- The Refill & Reset (R & R) Newsletter
- Posts
- What Complexity Demands of Us
What Complexity Demands of Us
In the blur of demands, clarity begins with a pause and a reset 🔄

You can lose yourself in two ways: by chasing every demand until nothing holds, or by clinging to a misplaced certainty, believing your approach is infallible. Both end the same, with fragmentation, decline, and disconnection.
The danger isn’t only distraction. Often, the real obstacle is pride or the quiet belief that we're already doing the right things, in the right way. This false security prevents us from asking tough questions, seeking input, or adjusting our course.
Drift rarely announces itself as a crisis. It appears as a calendar filled with initiatives and requests that seem important, while the central and steadier metrics of relevance, trust, and impact quietly weaken.
Jennifer Garvey Berger’s work reminds us that complexity penalizes those who are overly confident. To adapt in such systems, it is not strength that is most crucial, but rather the spirit of humility: the readiness to inquire, reflect, and revise.
That’s where RESET comes in. It’s a Monday rhythm to counter drift with humility and attention, and I’ve provided you with a FREE printable guide below:
R — Review your supervisor’s top 3 priorities. Which one does your role most directly advance?
Team practice: Open your weekly meeting by asking: “Which of these priorities are we uniquely positioned to advance this week?”
E — Eliminate the noise that pulls you away from it.
Team Practice: Create a "Not Doing Now" list with your team, tasks that might be good, but don't align with strategic priorities.
S — Seek input. Ask a colleague or mentor if you’re working in the right lane. Pride resists this step—do it anyway.
Team Practice: Implement "priority alignment checks" where team members pair up to review each other's focus areas.

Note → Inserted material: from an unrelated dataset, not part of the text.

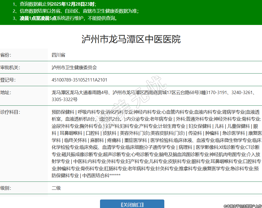 省份:四川省審批機關(guān):瀘州市衛(wèi)生健康委員會登記號:45100789-351052111A2101地址:龍馬潭區(qū)龍馬大道春雨路4號、瀘州市龍馬潭區(qū)西南商貿(mào)城17區(qū)云臺路68號3幢3170-3191、3240-3261、3305-3322號診療科目:預(yù)防保健科 | 呼吸內(nèi)科專業(yè);消化內(nèi)科專業(yè);神經(jīng)內(nèi)科專業(yè);心血管內(nèi)科專業(yè);血液內(nèi)科專業(yè);腎病學(xué)專業(yè)(血液透析室,血液透析機8臺,濾過機2臺。);內(nèi)分泌專業(yè);老年病專業(yè) | 外科;普通外科專業(yè);神經(jīng)外科專業(yè);骨科專業(yè);泌尿外科專業(yè);胸外科專業(yè) | 婦產(chǎn)科;婦科專業(yè);產(chǎn)科專業(yè);計劃生育專業(yè) | 婦女保健科 | 兒科 | 兒童保健科 | 眼科 | 耳鼻咽喉科 | 口腔科 | 皮膚科 | 美容外科(門診);美容皮膚科(門診) | 傳染科 | 腫瘤科 | 急診醫(yī)學(xué)科 | 康復(fù)醫(yī)學(xué)科 | 臨終關(guān)懷科 | 麻醉科 | 疼痛科 | 重癥醫(yī)學(xué)科 | 醫(yī)學(xué)檢驗科;臨床體液、血液專業(yè);臨床微生物學(xué)專業(yè);臨床化學(xué)檢驗專業(yè);臨床免疫、血清學(xué)專業(yè);臨床細(xì)胞分子遺傳學(xué)專業(yè) | 病理科 | 醫(yī)學(xué)影像科;X線診斷專業(yè);CT診斷專業(yè);磁共振成像診斷專業(yè);超聲診斷專業(yè);心電診斷專業(yè);腦電及腦血流圖診斷專業(yè);神經(jīng)肌肉電圖專業(yè);介入放射學(xué)專業(yè) | 中醫(yī)科;內(nèi)科專業(yè);外科專業(yè);婦產(chǎn)科專業(yè);兒科專業(yè);皮膚科專業(yè);眼科專業(yè);耳鼻咽喉科專業(yè);口腔科專業(yè);腫瘤科專業(yè);骨傷科專業(yè);肛腸科專業(yè);老年病科專業(yè);針灸科專業(yè);推拿科專業(yè);康復(fù)醫(yī)學(xué)專業(yè);急診科專業(yè);預(yù)防保健科專業(yè) | 中西醫(yī)結(jié)合科******級別:二級法定代表人:劉昌勇主要負(fù)責(zé)人:劉昌勇執(zhí)業(yè)許可證有效期:2021/12/31 -至- 2030/12/31 -

E — Establish one explicit action today that moves the strategic line forward.
Team Practice: Have each team member share their "One Thing" in a quick standup that focuses on the single action that will most advance the priority.
T — Track where your effort goes. If it isn’t feeding alignment, it may be feeding drift.
Team Practice: Create a simple "Priority Time Tracker" where team members estimate weekly time spent on priority-aligned vs. non-aligned activities.